▸ PROBLEM DESCRIPTION
When copying the data below, keep only the lines from the one with "دولاب بيج اربع" through the one with "热木青村安置点,消防员们同孩子们嬉戏玩耍。人民网记者 次仁罗布摄", word for word, and skip the pictures.

-=-=-

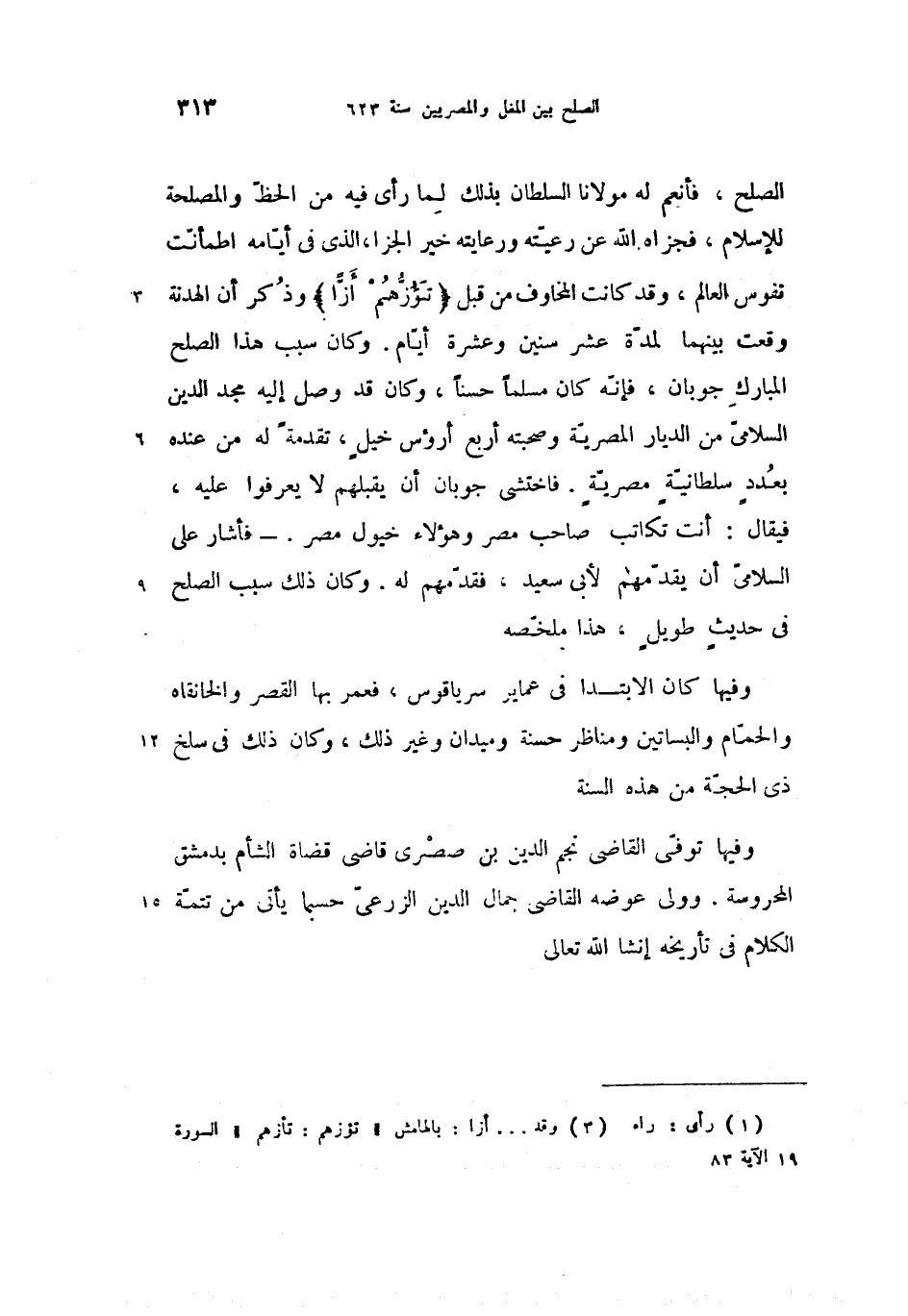 الصلح، فأنعم له مولانا السلطان بذلك لما رأى (1) فيه من الحظّ والمصلحة للإسلام، فجزاه الله عن رعيّته ورعايته خير الجزا، الذى فى أيّامه اطمأنّت نفوس العالم، وقد (3) كانت المخاوف من قبل {تَؤُزُّهُمْ أَزًّا} وذكر أن الهدنة وقعت بينهما لمدّة عشر سنين وعشرة أيّام. وكان سبب هذا الصلح المبارك جوبان، فإنّه كان مسلما حسنا، وكان قد وصل إليه مجد الدين السلامىّ من الديار المصريّة وصحبته أربع أرؤس خيل، تقدمة له من عنده بعدد سلطانيّة مصريّة. فاختشى جوبان أن يقبلهم لا يعرفوا عليه، فيقال: أنت تكاتب صاحب مصر وهؤلاء خيول مصر. -فأشار على السلامىّ أن يقدّمهم لأبى سعيد، فقدّمهم له. وكان ذلك سبب الصلح فى حديث طويل، هذا ملخّصه
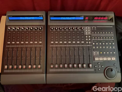 Det står logic control på dim men har bytt chip till samma som sitter i Mackie Control Universal . Den funkar med all DAW som kan använda MCU. Allt funkar. Har inte kartongerna kvar så den skickas ej, utan hämtas på plats. Huvudenheten 1800kr och XT 1000 kr . Eller 2500 för bägge
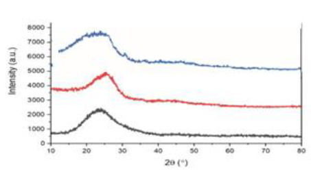 XRD patterns of SBA-15, MCN, and MCN-Ni prepared nanocatalysts are shown in Fig. 8 . According to SBA-15, a broad peak at 2 was observed at about 23 °. This peak is referred to as the SBA-15 precursor amorphous silica walls. [40] The XRD logo of the sample loaded with Ni was similar to the MCN base, except that it is a negligible peak at approximately 31o. This originates from Ni nanoparticles [19], however, because Ni nanoparticles are distributed on a small scale without any aggregation, no definite peaks have been observed. From the XRD results, it can be stated that Ni can be well distributed through MCN support and there is no sign of accumulation. XRD analysis of these 3 samples shows that MCN and SBA15 did not undergo structural disruption after metal adsorption.
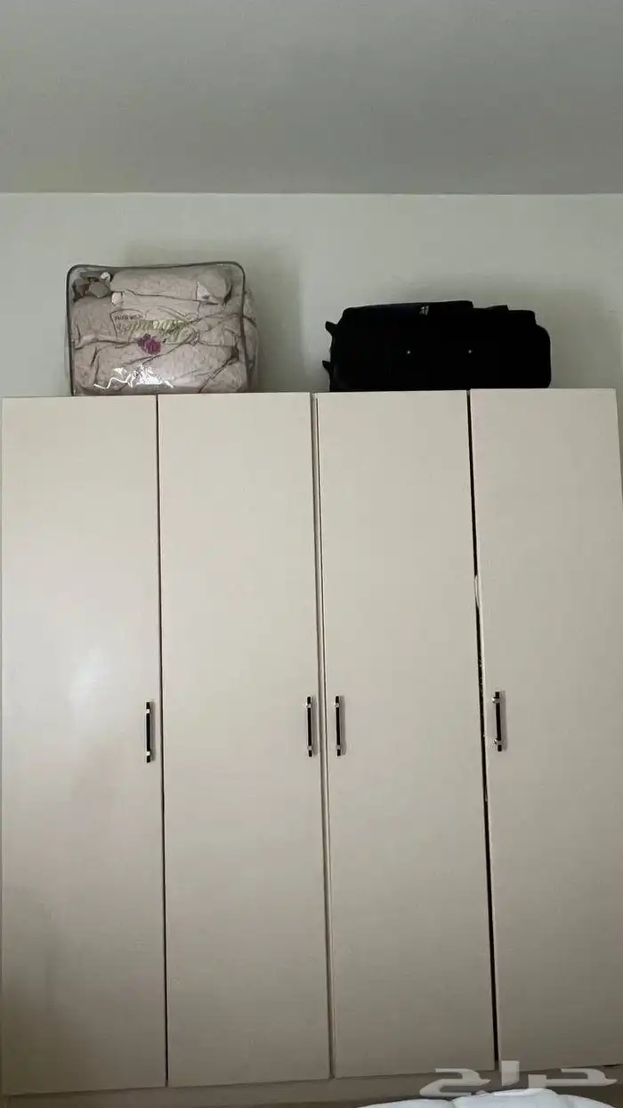 دولاب بيج اربع أبواب 2 تعليق و2 رفوف جوهركل رف ثلاث رفوف وثلاث ادراج الدولاب تفصيل في محل اثاث مده الاستخدام 4 أشهر جديد سبب البيع تغير الاثاث السعر 1700 ﷼
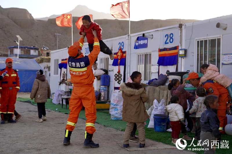 热木青村安置点,消防员们同孩子们嬉戏玩耍。人民网记者 次仁罗布摄
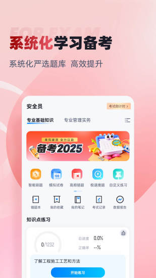 建筑八大员考试聚题库——专业备考 精准训练 助力建筑岗位认证 备战建筑八大员资格认证考试?建筑八大员考试聚题库是您专业可靠的备考助手。我们提供权威精准的练习资源,助您系统掌握建筑施工管理专业知识与技能,从容应对考试挑战。 真题模拟实战演练 应用内精选汇集历年考试真题及高质量模拟试卷,严格依据最新考试大纲与行业规范精心编写。通过模拟考试功能,您可体验真实考场环境,进行全真限时测试。考试结束后,系统即时生成详细分析报告,清晰展示您在施工员、质量员、安全员、材料员等各岗位专业知识的掌握情况。智能评估系统精准定位知识薄弱环节,帮助您明确复习重点和改进方向。 系统化知识点练习 我们依据考试要求将知识点科学分类,涵盖建筑施工技术、工程质量管理、安全生产管理、材料设备管理、造价管理、资料管理、标准规范等核心内容。每个知识点模块都配有专项练习题和详细解析,帮助您深入理解建筑施工管理专业知识。 建筑八大员考试聚题库集权威真题模拟与系统知识点练习于一体,设计科学,操作便捷。通过反复的实战演练和针对性训练,帮助您夯实专业基础,提升岗位实务能力。
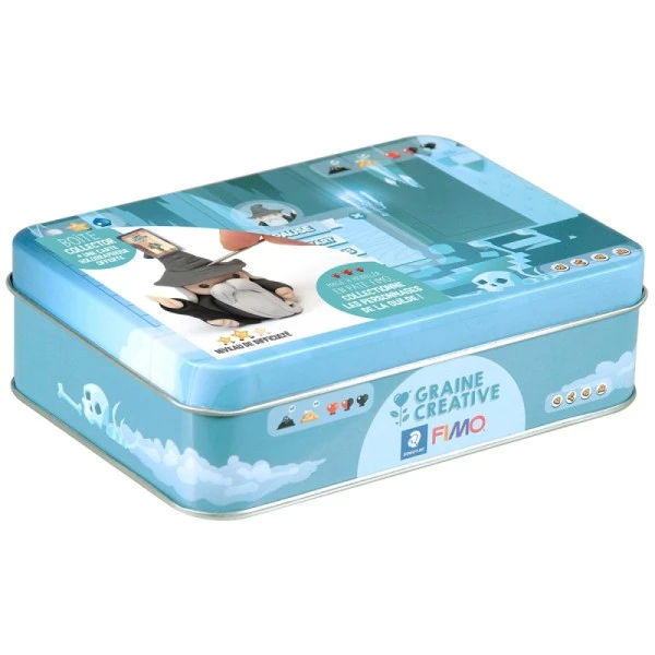 Voici une superbe boîte métal Fimo fantastique qui plaira à tous les amateurs de fantasy et de modelage ! Ce kit de modelage contient tout le matériel nécessaire pour vous permettre de modeler une figurine Mage de glace ! Vous trouverez dans cette jolie boîte en métal collector, 3 pains de pâte polymère à modeler et à cuire, des transferts pour personnaliser votre création comme vous le souhaitez , un pas-à-pas illustré mais aussi une carte collector Mage de glace holographique !
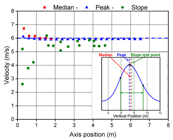 Molecular and turbulent diffusion produces an apparent velocity, which gives incorrect results if the reference timestamps of each curve are not selected properly. As far as an isotropic diffusivity is assumed, each molecule diffuses randomly in any direction: molecules mainly diffusing in the flow direction move faster than average fluid-dynamic velocity, while molecules diffusing mainly against the flow direction move slower than average fluid-dynamic velocity. Consequently, these points are not suitable for measuring the bulk velocity of the flow. The centroid of the tracer spike should be identified in order to get a correct result from the TT technique; EN ISO 16911-1 states that the best choice is the median of the concentration distribution. A specific analysis has been carried out to compare different possible criteria. The simulated concentration distributions can be used to compare the results one can expect by applying different approaches of calculation on the same data. In Figure 12 the average gas velocity was estimated from three different sets of points, on the simulated curves: the peak of the curve, the median, and the mid-point between the maximum slope at both sides of the peak (the inset shows the location of these points). These calculations have been repeated for several axial distances, in order to evaluate the effect of the separation between the two measuring points. The best matching with the known average actual velocity is produced using the peaks. The velocities calculated based on the median are equally in good agreement with the expected result, except for very short distances when velocities would be overestimated. The sloping approach produces more erratic results, probably due to the fluctuations produced by the numerical derivation of the curves. It is noteworthy, anyway, that the three points, selected on each curve, are quite close to each other, because of the symmetry of these curves, while many different results may be expected in more asymmetric conditions.
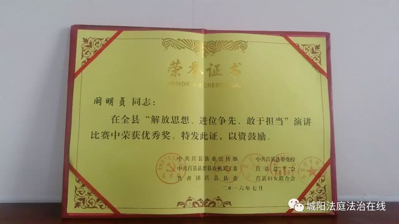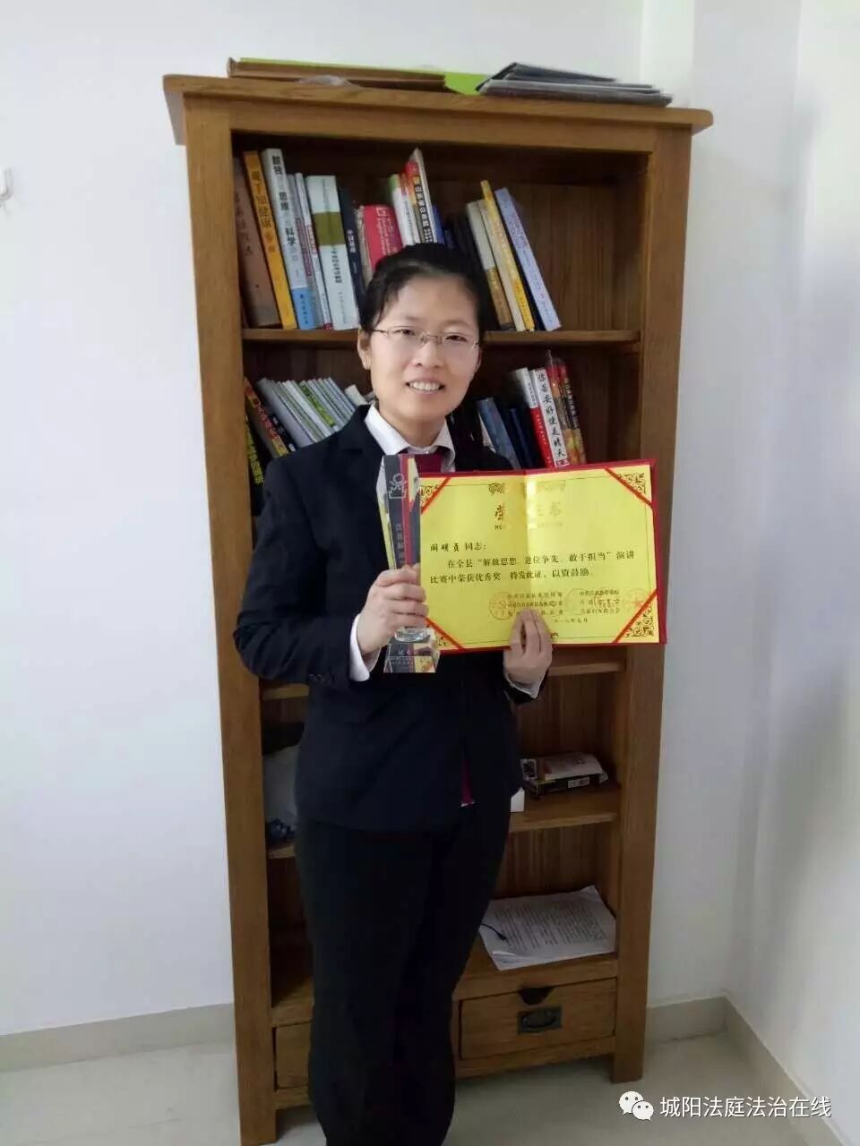 、莒县县委党校等六家单位联合组织的“解放思想、进位争先、敢于担当”演讲比赛活动中,莒县人民法院城阳法庭年轻女法官阚明贞获得优秀奖,她所演讲的题目是《营造和谐稳定的法治环境,护航“一强三名”奋斗目标》(演讲内容详见本公众号2016年11月7日)。近日,县委宣传部给阚明贞法官颁发了奖杯和获奖证书。
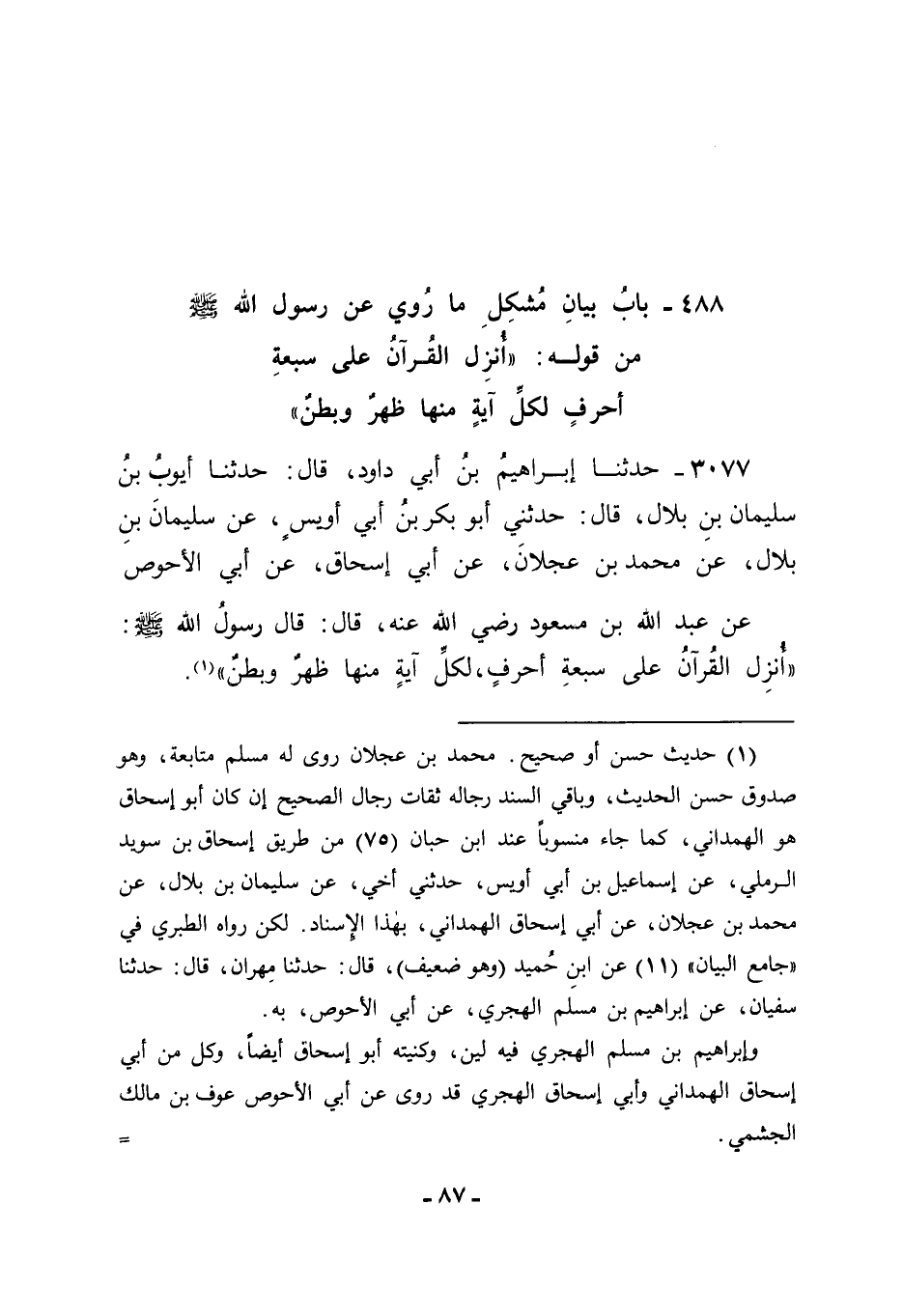 3077 - حَدَّثَنَا إبْرَاهِيمُ بْنُ أَبِي دَاوُدَ قَالَ: حَدَّثَنَا أَيُّوبُ بْنُ سُلَيْمَانَ بْنِ بِلَالٍ قَالَ: حَدَّثَنِي أَبُو بَكْرِ بْنُ أَبِي أُوَيْسٍ، عَنْ سُلَيْمَانَ بْنِ بِلَالٍ، عَنْ مُحَمَّدِ بْنِ عَجْلَانَ، عَنْ أَبِي إِسْحَاقَ، عَنْ أَبِي الْأَحْوَصِ، عَنْ عَبْدِ اللهِ بْنِ مَسْعُودٍ رَضِيَ اللهُ عَنْهُ قَالَ: قَالَ رَسُولُ اللهِ صَلَّى اللَّهُ عَلَيْهِ وَسَلَّمَ: " أُنْزِلَ الْقُرْآنُ عَلَى سَبْعَةِ أَحْرُفٍ، لِكُلِّ آيَةٍ مِنْهَا ظَهْرٌ وَبَطْنٌ ". -[88]- قَالَ أَبُو جَعْفَرٍ: فَتَأَمَّلْنَا هَذَا الْحَدِيثَ فَكَانَ أَحْسَنَ مَا جَاءَ فِيهِ مِنَ التَّأْوِيلِ الَّذِي يَحْتَمِلُهُ أَنْ يَكُونَ الظَّهْرُ مِنْهَا هُوَ مَا يَظْهَرُ مِنْ مَعْنَاهَا، وَالْبَطْنُ مِنْهَا هُوَ مَا يُبْطَنُ مِنْ مَعْنَاهَا، وَدَلَّ ذَلِكَ عَلَى أَنَّ عَلَى النَّاسِ -[89]- طَلَبَ بَاطِنِهَا، كَمَا عَلَيْهِمْ طَلَبُ ظَاهِرِهَا، لِيَقِفُوا عَلَى مَا فِي كُلِّ وَاحِدٍ مِنْهُمَا مِمَّا تَعَبَّدَهُمُ اللهُ بِهِ، وَمَا فِيهِ مِنْ حَلَالٍ وَمِنْ حَرَامٍ، وَاللهَ نَسْأَلُهُ التَّوْفِيقَ.

-=-=-

▸ SOLUTION TO THIS EXERCISE
 دولاب بيج اربع أبواب 2 تعليق و2 رفوف جوهركل رف ثلاث رفوف وثلاث ادراج الدولاب تفصيل في محل اثاث مده الاستخدام 4 أشهر جديد سبب البيع تغير الاثاث السعر 1700 ﷼
 热木青村安置点,消防员们同孩子们嬉戏玩耍。人民网记者 次仁罗布摄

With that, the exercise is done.